I personally interpret Potterverse to possibly include scientific connections to magic.

A Time-turner, obviously, is related to time-travel, which I think touches on Einstein's Theory of Relativity:

The theory of relativity overturned the concept of motion from Newton's day, by positing that all motion is relative. Time was no longer uniform and absolute. Physics could no longer be understood as space by itself, and time by itself. Instead, an added dimension had to be taken into account with curved spacetime. Time now depended on velocity, and contraction became a fundamental consequence at appropriate speeds.

Wikipedia - Einstein's Theory of Relativity

Scientifically, I think we have to examine the Department of Mysteries very carefully. There are five known divisions in the Department of Mysteries that attend to love, time, thought, death, and space. As well, the Department of Mysteries houses Hall of Prophecies, although I do not know whether prophecies would fall under anything other than paranormal psychology.

The room housing the study of love, IIRC, is the room that is always locked and cannot be opened with any instrument (I think the knife that will open any lock or door that Sirius gave to Harry completely melted when the DA attempted to enter this room). Dumbledore had told Harry that this room contains a force so powerful that it would be completely overwhelming were it not contained. Love falls under several branches of psychology including, but not limited to: attachment psychology; biological psychology; forensic psychology; social psychology; and behavioral psychology. Per the Harry Potter Wiki, the love room may be used in attempts to understand and duplicate the magical protection self-sacrificing love creates, the only magic strong enough to repel the Killing Curse. Apparently there is said to be a large fountain of Amortentia in the room. What is the possible scientific explanation for love having the ability to block the killing curse?

The DoM room where thought is studied is the Brain Room and it is implied that when Ron touches the brains in the tanks there, and he is cut and injured on his forearms, it's by what is thought to be the physical manifestations of thought itself -- interpreted, feelings can hurt, or feel good, or sad, or happy, or angry, etc. Neurology, anyone? Neuropsychiatry? Thought disorders, learning diabilities, brain dysfunction, intelligence, mood, and a person's level of self-efficacy, and so so much more, are all related to the brain. Luna is forthcoming to the point of making others uncomfortable, yet is endearing beyond belief. Voldemort's thoughts are certainly disordered. Neville struggles to generally master magic and accept his placement in Gryffindor rather than Hufflepuff. Lockhart's brain is damaged beyond repair, as are Frank and Alice Longbottom's. Hermione's intellect is unusual and superior to most. Snape's moods are dark and angry and bitter. Harry demonstrates a high level of self-efficacy, despite the abuse and neglect he endured at the Dursleys.

The Veil occupies the room where death is studied and has been in the Department of Mysteries since the beginning of the Ministry of Magic (which is not quite as old as Hogwarts, but is many centuries old).

Thanatology is the scientific study of death. It investigates the mechanisms and forensic aspects of death, such as bodily changes that accompany death and the post-mortem period, as well as wider social aspects related to death. It is primarily an interdisciplinary study offered as a course of study at numerous colleges and universities.*

Wikipedia - Thanatology

Death is the theme of the Harry Potter series (that, and love). As far as the Veil room goes, the structure of the Veil itself implies that the death studies being done are not primarily pragmatic; my guess is that the research done on death in the DoM has more to do with the metaphysical, the soul, and the possibility of an afterlife (both Harry and Luna hear voices whispering from behind the veil). This likely falls more into social psychology than medical study. Perhaps there is study on how Avada Kedavra affects the body and why it leaves no trace. And wouldn't the study of Horcruxes -- were there to be such a study -- be fascinating in the context of thanatology? The physical manifestation of the preservation of life through a piece of torn soul. . . it's both highly scientific and deeply magical, IMO. Thestrals that appear only when dead has meaning and has "sunk in."

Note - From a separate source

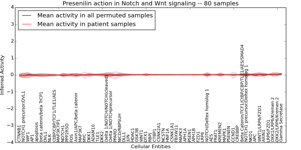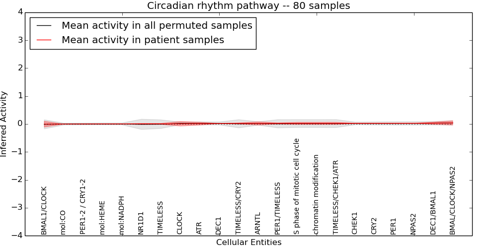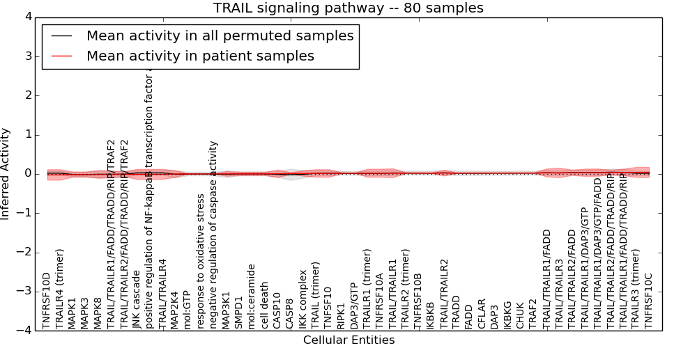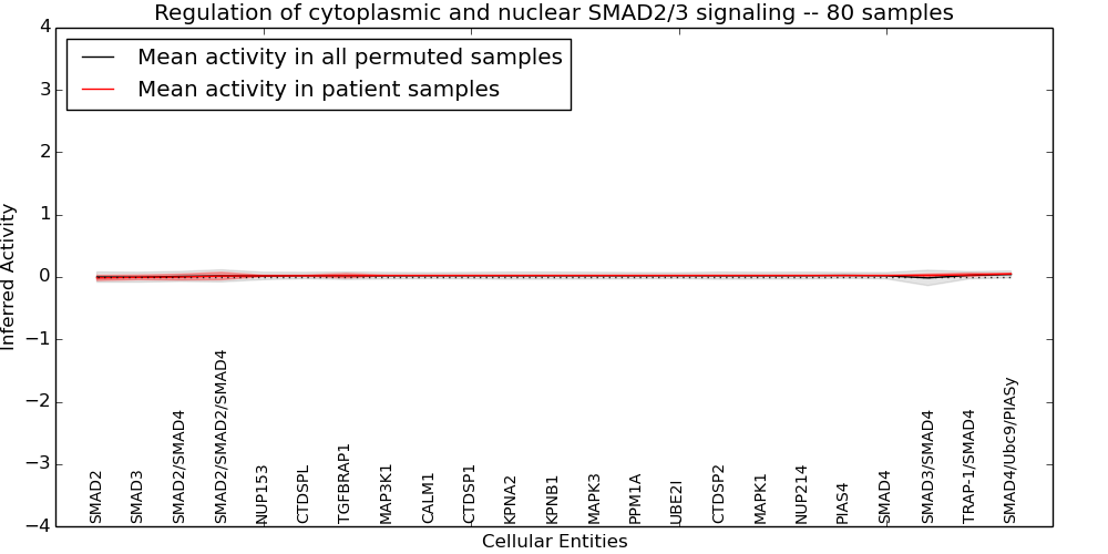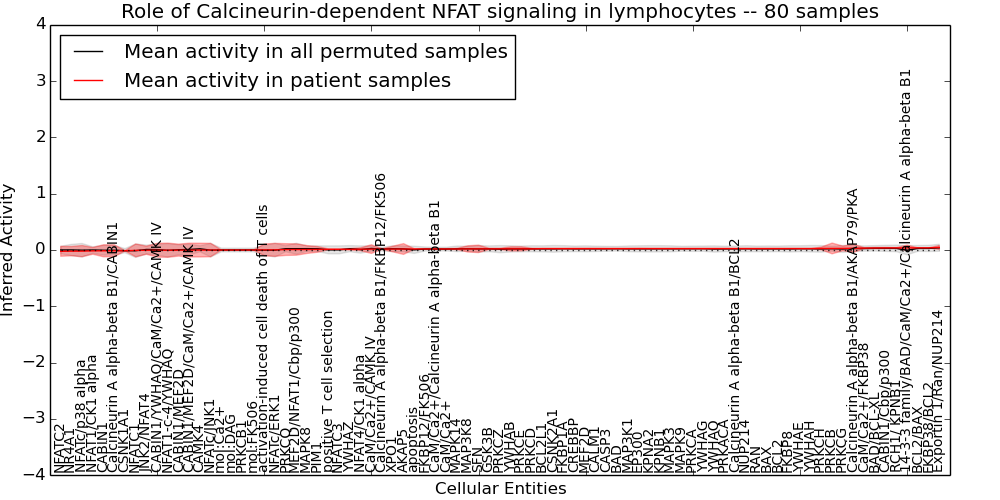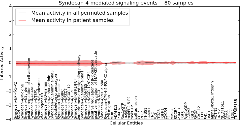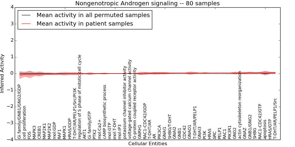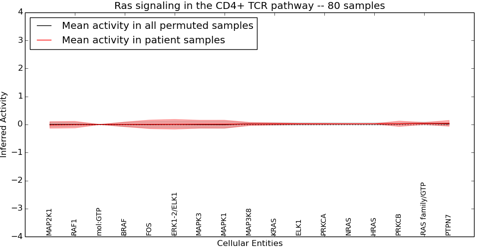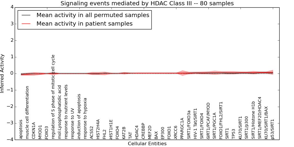 Figure S131. Get High-res Image This plot shows pathway concept perturbations across all samples against a permutation model. The concepts along the x-axis are sorted by lowest to highest mean activity for the real patient samples. Mean inferred activities are plotted along the y-axis as a colored band showing the average level and one standard deviation range. Real samples are shown in red and permuted samples in black.

I already touched on time above regarding the Time-turner. During the Battle of the Department of Mysteries in Order of the Phoenix, we see all the Time-turners and clocks come smashing down to the floor, only to fly back up to their original storage spots and repair themselves, only to repeat the process endlessly. It's like a physical manifestation of the infinity of time. Even if our universe ceases to exist, time will continue. And Dumbledore values the gift of time when he tells Harry "It does not do to dwell on dreams and forget to live" when Harry is obsessed with the Mirror of Erised. (Speaking of the Mirror of Erised, hello telepathy!) Those who practice the art or study of measuring time are horologists (they are interested in the mechanics of clocks, watches, sundials, and, yes, presumably time-turners!) The entire book Prisoner of Azkaban deals with time, time-travel, and the timing of individual actions. Time touches so many things -- how quickly a spell is cast; how quickly Mandrakes grow to make the draught to revive the petrified victims of the Basilisk, how much time we get to spend with friends and loved ones (a big theme in HP as well -- family). Time is related to velocity, which relates to brooms and flying. Time is endless and it is fruitless to resist it (like Voldemort tried to), but life cycles infinitely. JK Rowling used the Celtic calendar to assign wand woods to each of her characters; calendars are representations of time. The prophecy was tied to "the end of July" 1980, a specific time frame.

During the Battle of the DoM, Luna finds herself in a room full of planets and stars -- space! Astronomy is a real science that is taught at Hogwarts, the study of the stars and constellations and the universe. Could Apparition be conceptually like warp speed? To instantaneously get from point A to point B when Apparating, do points A and B come together, bending the universe, deposit the Apparating traveler at point B, and then stretch out again, within seconds, realigning the universe? Or would Apparition be more like a wormhole? The way Portkeys are described, I would think they are more wormhole-like than possibly warp speedish, because of the way people seem to fall out of them to their final destination. Anyhow, magically, astronomy is applied by the centaurs to make their cryptic predictions ("Mars is bright tonight."). Could astronomy have something to do with the number seven being considered the most magical number, the number coveted by Tom Riddle/Voldemort?

The ghosts and poltergeist Peeves would fall under paranormal study; to some that is a true area of science (for others, not)

Dementors are JR Rowling's representation of depression, which would be categorized under psychology or psychiatry.

As @DVK first mentioned, there is Alchemy.

While the trio is on the run in Deathly Hallows it's noted that Hermione becomes skilled in picking edible roots and plants, perhaps even mushrooms? (Mycology)

Both the first and second Voldemort wars are fundamentally about Wizarding genetics. Purebloods are superior; half-bloods and Muggleborns less so. Squibs are anomalies that are not accepted in Wizarding society (Filch and Arabella Figg being exceptions) and are often hidden away or encouraged to join the Muggle world. This all relates to genetics and, in the case of the rabid purebloods, probably eugenics to some degree.

The Sorting Hat and Legilimency suggests telepathy; the Wiki states in the Harry Potter series by J. K. Rowling, telepathy is the magical skill known as Legilimency.

Ancient Runes -- Anthropology? Archaeology?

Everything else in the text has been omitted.